## HOW TO COMPLETE THIS TASK
Your answer must be an exact copy of the records, minus any pictures.

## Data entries

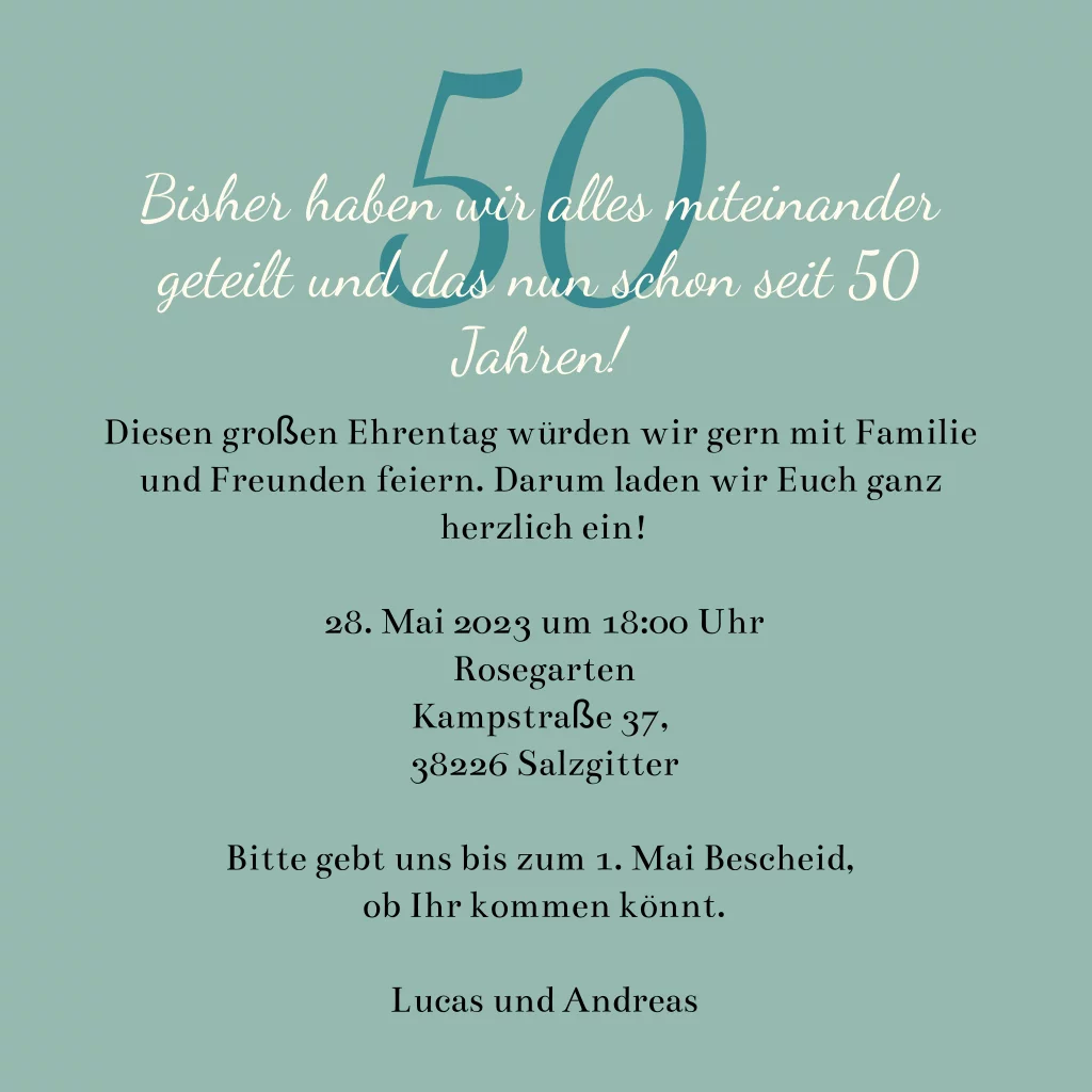 Einladung zur Goldhochzeit mit diversen Details
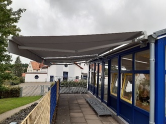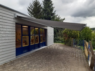 In der kommunalen Kindertagesstätte Kinderland Niederkalbach wurden im Sommer diesen Jahres vor den Gruppenräumen hochwertige Sonnenschutzmarkisen angebracht. Die Markisen dienen als sommerlicher Wärmeschutz, sodass die Räume durch die Sonneneinstrahlung weniger aufgeheizt werden.
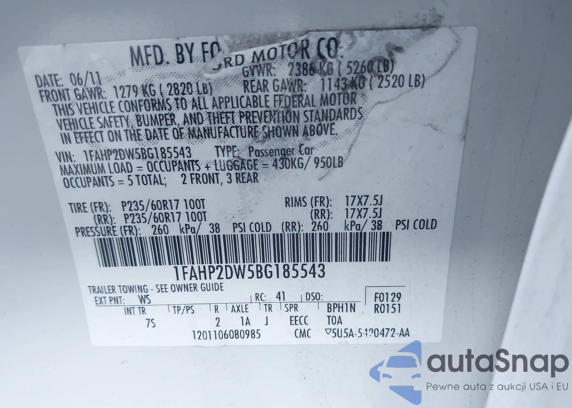 VIN: 1FAHP2DW5BG185543
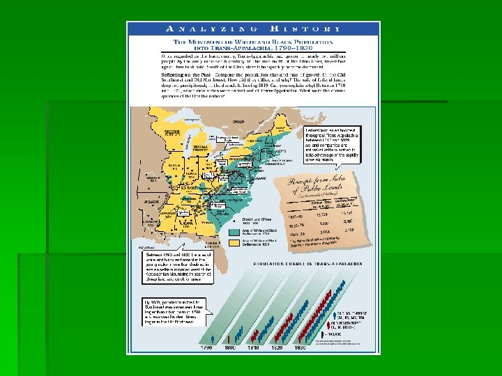 Trans-Appalachia § The Trans-Appalachia region consisted of the lands west of established white settlement known as the “backcountry” or “frontier. ” § Settlers, drawn by the promotions of land speculators, moved west into the region in astounding numbers between 1790 and 1810.
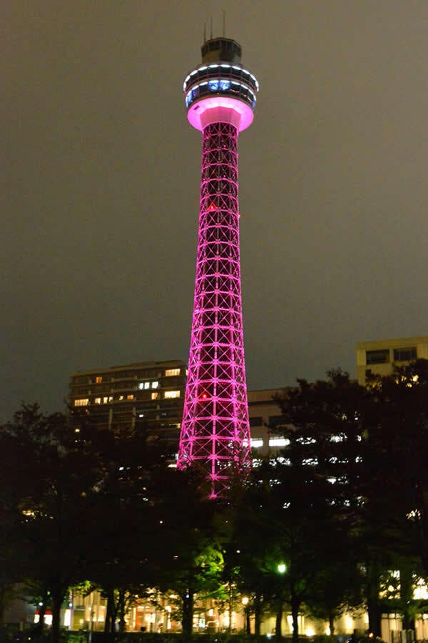 ※こちらはピンクにライトアップされた横浜マリンタワー

## RESPONSE BOX
 Einladung zur Goldhochzeit mit diversen Details
 In der kommunalen Kindertagesstätte Kinderland Niederkalbach wurden im Sommer diesen Jahres vor den Gruppenräumen hochwertige Sonnenschutzmarkisen angebracht. Die Markisen dienen als sommerlicher Wärmeschutz, sodass die Räume durch die Sonneneinstrahlung weniger aufgeheizt werden.
 VIN: 1FAHP2DW5BG185543
 Trans-Appalachia § The Trans-Appalachia region consisted of the lands west of established white settlement known as the “backcountry” or “frontier. ” § Settlers, drawn by the promotions of land speculators, moved west into the region in astounding numbers between 1790 and 1810.
 ※こちらはピンクにライトアップされた横浜マリンタワー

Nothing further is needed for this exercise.